The point: this millennial-scale die off occurred considerably before when another widely-publicized hypothesis for the extinctions cause, the impact of a small comet somewhere over or near what is now Canada, is supposed to have occurred. That’s a pretty good news hook, even though the impact explanation for the end of mammoths has never quite gone mainstream in the academic community. A better hook, one used by more reporters, is simply that research is startng to pry apart the mystery of the end of the hefty Pleistocene bestiary. No proof of what happened is at hand. But the timing is clearer.

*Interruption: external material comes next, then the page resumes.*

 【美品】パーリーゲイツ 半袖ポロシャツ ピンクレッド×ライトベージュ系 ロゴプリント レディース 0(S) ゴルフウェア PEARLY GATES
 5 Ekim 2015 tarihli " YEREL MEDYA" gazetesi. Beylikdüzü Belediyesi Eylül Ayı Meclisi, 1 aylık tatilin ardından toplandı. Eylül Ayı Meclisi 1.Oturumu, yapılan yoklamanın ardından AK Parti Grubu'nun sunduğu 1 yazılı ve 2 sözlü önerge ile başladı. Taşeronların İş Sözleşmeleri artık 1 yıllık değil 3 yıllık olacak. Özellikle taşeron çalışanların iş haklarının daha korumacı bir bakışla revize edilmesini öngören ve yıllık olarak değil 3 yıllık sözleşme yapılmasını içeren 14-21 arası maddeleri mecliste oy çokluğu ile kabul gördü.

At the Christian Science Monitor Peter N. Spotts zips economically through such points quickly and selects for his first quote one, from an outside authority, who calls the work “elegant” (even with dung spores as exhibit A, it’s elegant!). And he describes nicely the reaction of the research team – which went into it with a limited agenda and would up glimpsing a time when “everything is happening all at once.” Plants and animal in tumult, ice sheets retreating, people showing up, and so on. Climate change, he reports, looks like the big actor (not comets, not spear-chunking hunters. They both would have come after the extinction was basically done).

The LA Times‘s John Johnson Jr. similarly wraps it up after declaring that “a team of American researchers may be closing in on the answer, hidden in the thousands-year-old much of an Indiana Lake.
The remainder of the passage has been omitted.